Records excerpted from a collection:
%%
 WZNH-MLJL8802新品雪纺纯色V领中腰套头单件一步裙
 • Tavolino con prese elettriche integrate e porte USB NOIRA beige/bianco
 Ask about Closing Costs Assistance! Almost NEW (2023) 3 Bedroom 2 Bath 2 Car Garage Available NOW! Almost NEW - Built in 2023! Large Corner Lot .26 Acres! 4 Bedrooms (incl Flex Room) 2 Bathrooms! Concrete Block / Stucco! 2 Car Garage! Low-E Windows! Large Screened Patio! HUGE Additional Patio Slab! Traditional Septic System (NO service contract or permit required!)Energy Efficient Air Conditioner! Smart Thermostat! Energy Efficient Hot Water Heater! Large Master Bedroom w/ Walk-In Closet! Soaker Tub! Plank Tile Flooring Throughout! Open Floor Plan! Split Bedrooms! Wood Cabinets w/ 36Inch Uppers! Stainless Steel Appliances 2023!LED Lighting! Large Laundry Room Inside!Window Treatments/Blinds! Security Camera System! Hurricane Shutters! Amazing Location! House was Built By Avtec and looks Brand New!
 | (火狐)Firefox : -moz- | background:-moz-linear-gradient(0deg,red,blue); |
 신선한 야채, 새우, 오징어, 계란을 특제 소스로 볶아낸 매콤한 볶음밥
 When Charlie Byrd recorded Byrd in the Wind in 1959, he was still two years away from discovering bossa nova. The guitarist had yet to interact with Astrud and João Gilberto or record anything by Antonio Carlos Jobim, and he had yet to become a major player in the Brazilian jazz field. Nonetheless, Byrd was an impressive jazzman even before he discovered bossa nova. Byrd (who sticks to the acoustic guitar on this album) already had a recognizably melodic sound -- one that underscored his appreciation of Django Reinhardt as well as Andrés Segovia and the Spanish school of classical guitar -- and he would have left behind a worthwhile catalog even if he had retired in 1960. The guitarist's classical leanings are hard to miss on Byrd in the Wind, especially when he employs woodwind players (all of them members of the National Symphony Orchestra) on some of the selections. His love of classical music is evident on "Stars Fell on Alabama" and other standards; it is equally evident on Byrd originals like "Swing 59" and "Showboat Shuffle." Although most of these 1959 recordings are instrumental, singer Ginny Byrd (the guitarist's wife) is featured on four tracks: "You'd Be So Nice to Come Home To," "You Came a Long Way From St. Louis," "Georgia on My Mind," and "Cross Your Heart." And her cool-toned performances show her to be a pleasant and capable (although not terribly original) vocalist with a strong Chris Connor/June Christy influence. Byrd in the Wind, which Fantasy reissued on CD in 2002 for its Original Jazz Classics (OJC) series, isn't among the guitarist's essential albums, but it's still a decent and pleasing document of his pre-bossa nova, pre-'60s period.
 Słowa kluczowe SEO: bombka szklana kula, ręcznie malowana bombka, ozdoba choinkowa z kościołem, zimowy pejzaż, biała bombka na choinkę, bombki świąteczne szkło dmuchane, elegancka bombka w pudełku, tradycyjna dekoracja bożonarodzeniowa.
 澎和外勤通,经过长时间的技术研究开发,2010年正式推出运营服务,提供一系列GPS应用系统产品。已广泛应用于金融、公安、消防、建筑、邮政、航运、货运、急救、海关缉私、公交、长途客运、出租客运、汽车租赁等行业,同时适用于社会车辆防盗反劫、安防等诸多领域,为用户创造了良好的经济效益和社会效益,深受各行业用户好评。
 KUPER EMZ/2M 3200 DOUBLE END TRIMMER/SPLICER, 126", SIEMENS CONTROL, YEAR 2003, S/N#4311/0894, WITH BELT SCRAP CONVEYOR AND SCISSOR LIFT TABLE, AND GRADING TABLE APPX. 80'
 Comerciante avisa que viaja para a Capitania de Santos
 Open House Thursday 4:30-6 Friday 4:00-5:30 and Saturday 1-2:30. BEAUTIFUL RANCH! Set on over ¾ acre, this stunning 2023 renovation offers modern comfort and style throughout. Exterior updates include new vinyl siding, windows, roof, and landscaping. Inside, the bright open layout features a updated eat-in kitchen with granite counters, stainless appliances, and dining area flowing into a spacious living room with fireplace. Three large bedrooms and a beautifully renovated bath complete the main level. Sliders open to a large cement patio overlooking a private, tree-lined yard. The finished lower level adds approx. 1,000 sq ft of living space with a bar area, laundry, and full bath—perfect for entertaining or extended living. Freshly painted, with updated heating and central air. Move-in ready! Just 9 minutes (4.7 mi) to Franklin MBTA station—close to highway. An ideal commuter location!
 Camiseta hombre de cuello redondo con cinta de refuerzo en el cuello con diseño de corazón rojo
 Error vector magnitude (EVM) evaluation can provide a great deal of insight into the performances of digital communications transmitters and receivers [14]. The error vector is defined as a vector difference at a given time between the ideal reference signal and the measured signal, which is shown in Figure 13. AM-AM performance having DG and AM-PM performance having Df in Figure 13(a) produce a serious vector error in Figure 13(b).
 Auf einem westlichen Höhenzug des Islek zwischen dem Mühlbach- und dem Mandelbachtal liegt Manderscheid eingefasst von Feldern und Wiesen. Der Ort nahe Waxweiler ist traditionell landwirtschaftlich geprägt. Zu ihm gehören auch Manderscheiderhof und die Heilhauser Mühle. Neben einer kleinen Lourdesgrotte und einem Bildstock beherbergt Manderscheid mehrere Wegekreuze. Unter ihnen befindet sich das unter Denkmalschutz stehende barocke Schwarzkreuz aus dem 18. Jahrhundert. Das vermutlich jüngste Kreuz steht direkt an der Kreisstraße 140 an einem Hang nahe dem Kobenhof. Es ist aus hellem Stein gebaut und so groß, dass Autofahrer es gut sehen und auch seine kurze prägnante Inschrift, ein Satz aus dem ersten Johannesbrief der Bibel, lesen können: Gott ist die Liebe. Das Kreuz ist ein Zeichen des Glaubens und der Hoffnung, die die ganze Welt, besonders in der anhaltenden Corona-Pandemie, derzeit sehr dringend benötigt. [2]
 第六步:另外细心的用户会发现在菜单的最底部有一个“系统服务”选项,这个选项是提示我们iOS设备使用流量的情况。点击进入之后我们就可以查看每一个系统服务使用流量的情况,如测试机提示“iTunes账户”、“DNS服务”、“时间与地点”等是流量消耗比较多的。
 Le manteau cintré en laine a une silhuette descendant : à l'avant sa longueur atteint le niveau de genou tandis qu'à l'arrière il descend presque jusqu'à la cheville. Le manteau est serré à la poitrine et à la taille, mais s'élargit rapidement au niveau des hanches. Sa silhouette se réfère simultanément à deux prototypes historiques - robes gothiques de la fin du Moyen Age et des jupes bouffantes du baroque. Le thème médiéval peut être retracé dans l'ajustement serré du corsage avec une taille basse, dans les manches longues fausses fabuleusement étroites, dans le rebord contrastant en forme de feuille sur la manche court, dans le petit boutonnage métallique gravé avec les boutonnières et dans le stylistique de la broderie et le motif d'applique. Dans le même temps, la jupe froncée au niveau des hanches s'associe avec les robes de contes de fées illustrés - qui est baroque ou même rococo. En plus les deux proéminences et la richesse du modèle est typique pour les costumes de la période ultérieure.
%%
Of the lines above, output exactly those from the line bearing "KUPER EMZ/2M 3200" through the line bearing "Comerciante avisa que", inclusive.

» RESPONSE AREA
 KUPER EMZ/2M 3200 DOUBLE END TRIMMER/SPLICER, 126", SIEMENS CONTROL, YEAR 2003, S/N#4311/0894, WITH BELT SCRAP CONVEYOR AND SCISSOR LIFT TABLE, AND GRADING TABLE APPX. 80'
 Comerciante avisa que viaja para a Capitania de Santos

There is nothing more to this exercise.